- WHAT NEEDS TO BE DONE
Beginning with the first line below, retype exactly each line through the one containing "#좋은기분 #녹기전에 아이스크림". Leave out all pictures.

- Records excerpted from a collection
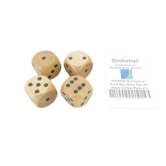 WKP02173E4 Natural Wood Dice with Black Pips D6 30mm (1.18in) Pack of 4 Dice
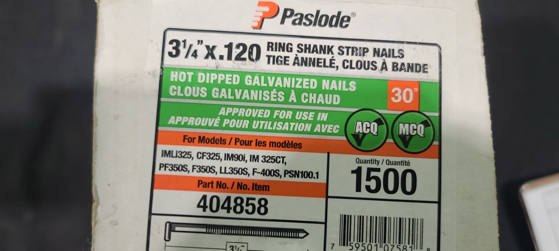 FULL BOX OF PASLODE 3 !/4" ROUND DRIVE STRIP NAILS AND PARTIAL BOX OF 3 1/4" RING STRIP NAILS
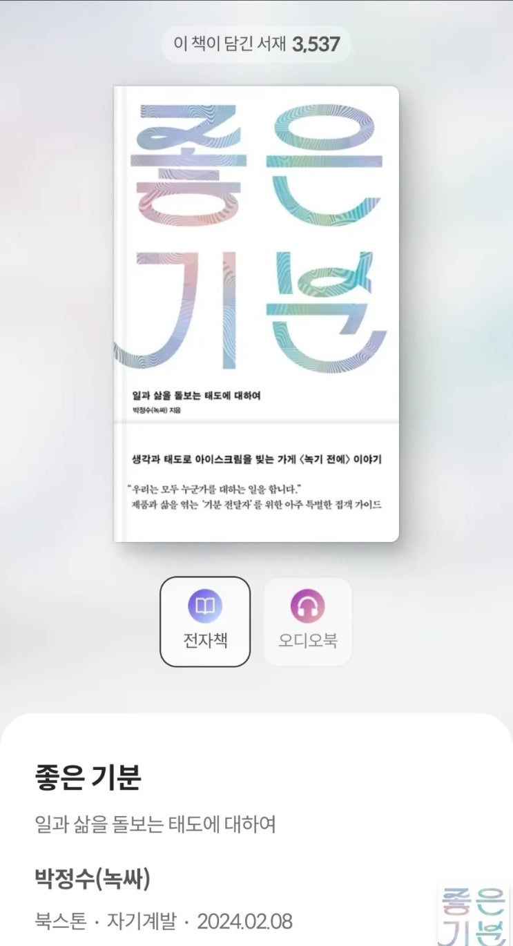#좋은기분 #녹기전에 아이스크림 가게 사장님의 일을 대하는 태도와 가치관이 가득 담겨있는 책. '접...
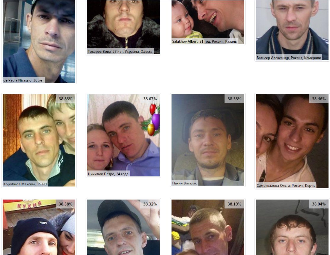 QUOTE(Soltek @ Jul 17 2019, 13:37) Не знаю что у вас там работает - сервис предлагает до 50 человек, похожих на оригинал загруженной фотографии. С процентным соотношением совпадения...Проверил две морды - они не найдены в соц сетях, хотя там есть... А я загрузил групповое фото родственников , где я сам есть . Так на первом фото которое выдал сайт , ссылку на мою страницу |
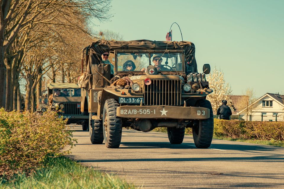 Een indrukwekkende rondrit van circa 43 kilometer voert langs historische locaties en monumenten in de Betuwe. Authentieke militaire voertuigen rijden door het landschap dat in de oorlog zwaar werd bevochten.
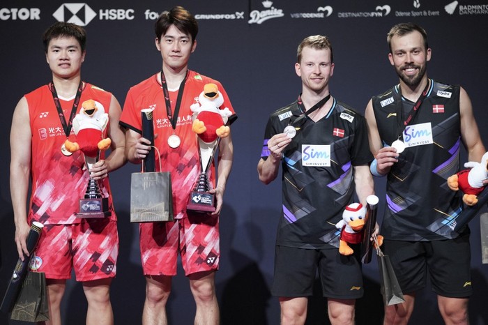 Ganda putra nomor satu dunia Liang Weikeng/Wang Chang menegaskan dominasi negeri Tirai Bambu. Liang/Wang menang straight game atas ganda putra tuan rumah Kim Astrup/Anders Skaarup Rasmussen 21-18, 21-17.

- WRITTEN REPLY
 WKP02173E4 Natural Wood Dice with Black Pips D6 30mm (1.18in) Pack of 4 Dice
 FULL BOX OF PASLODE 3 !/4" ROUND DRIVE STRIP NAILS AND PARTIAL BOX OF 3 1/4" RING STRIP NAILS
#좋은기분 #녹기전에 아이스크림 가게 사장님의 일을 대하는 태도와 가치관이 가득 담겨있는 책. '접...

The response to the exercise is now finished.